I acknowledge the Traditional Owners of the land on which we meet, the Gunai Kurnai People, and pay my respects to their elders, past and present, emerging leaders and all Aboriginal and Torres Strait Islanders gathered here today.

Linda and I are joining you from Gippsland in Victoria. You might wonder what the Governor-General is doing in regional Victoria – I’ll have more to say on that shortly.

I want to begin by thanking all of you for participating in the 26th National Schools Constitutional Convention. Your attendance – and the passion and interest that it represents – is so important. It speaks to who you are as people and, I hope, where we are as a nation. It is a sign that you are engaged. That you care about our country and that you care about the future.

When I was sworn in as Governor-General, I quoted the Australian author David Malouf: ‘Australia is still revealing itself to us. We oughtn’t to close off possibilities by declaring too early what we have already become.’ I editorialised at the time that Australia is not a finished product. Everything that we have seen since reaffirms my view.

The logical next step of us not being a finished product is that there is still scope to reimagine our future and to then shape it and redefine it. We need young, emerging leaders stepping up and leading that change. Whether it is through constitutional reform, issues-based advocacy, careers in policy or politics or leadership in the community, you all have capacity to play that role.

If I could turn to the question before you at the Convention ['Should the Constitution have a new Preamble that would recognise our history and aspirations, and the many peoples and groups that make up our nation?']. You’ll appreciate that, as Governor-General, I walk a fine line in taking sides on policy debates. We’re a constitutional monarchy and, as such, while I have important constitutional responsibilities, it is the role of the Australian people and, through elections, our parliaments to determine policy. I can, and do, have regular conversations with our political leaders – from all sides – but I do not dictate or advocate. I might provide some advice or insights from my discussions with Australians, but these prompts are provided without expectation of follow-up. I intend to take a similar approach today in our discussion.

The first point that I would make is purely tactical and one that I’m sure has come up in your discussions today. Constitutional change is very difficult.
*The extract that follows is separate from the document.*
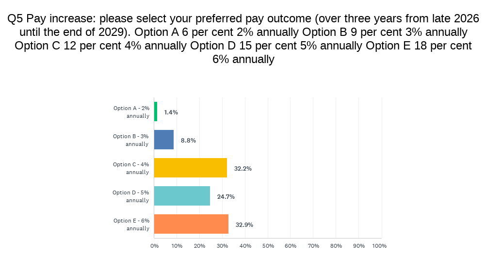 - Pay increase: please select your preferred pay outcome over three years (4 per cent 32.2%, 5 per cent 24.7%, 6 per cent 32.9%)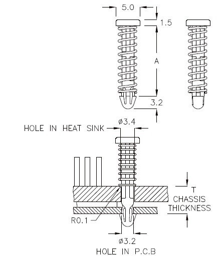 | NÚMERO DE PIEZA | A | T CHASIS ESPESOR | PAQUETE |

The success rate of referendums in Australia is not high. Just eight out of 44 carried since Federation. The last to be carried coming in 1977. I would make two observations: it is incredibly difficult to change the Constitution; despite this, and despite the last eight proposals not being carried, there has been enormous change in Australia since 1977.

Change has been driven from both the top down and the bottom up. Our society has changed and, often, these changes have been codified or legislated at the local, state and federal levels. It is worth, then, considering the tactical question of whether the priority should be in adding a Preamble to the Constitution over other avenues of change. Are there legislative or societal changes that could be affected with a diversion of resources from one to the other? The question is yours to answer.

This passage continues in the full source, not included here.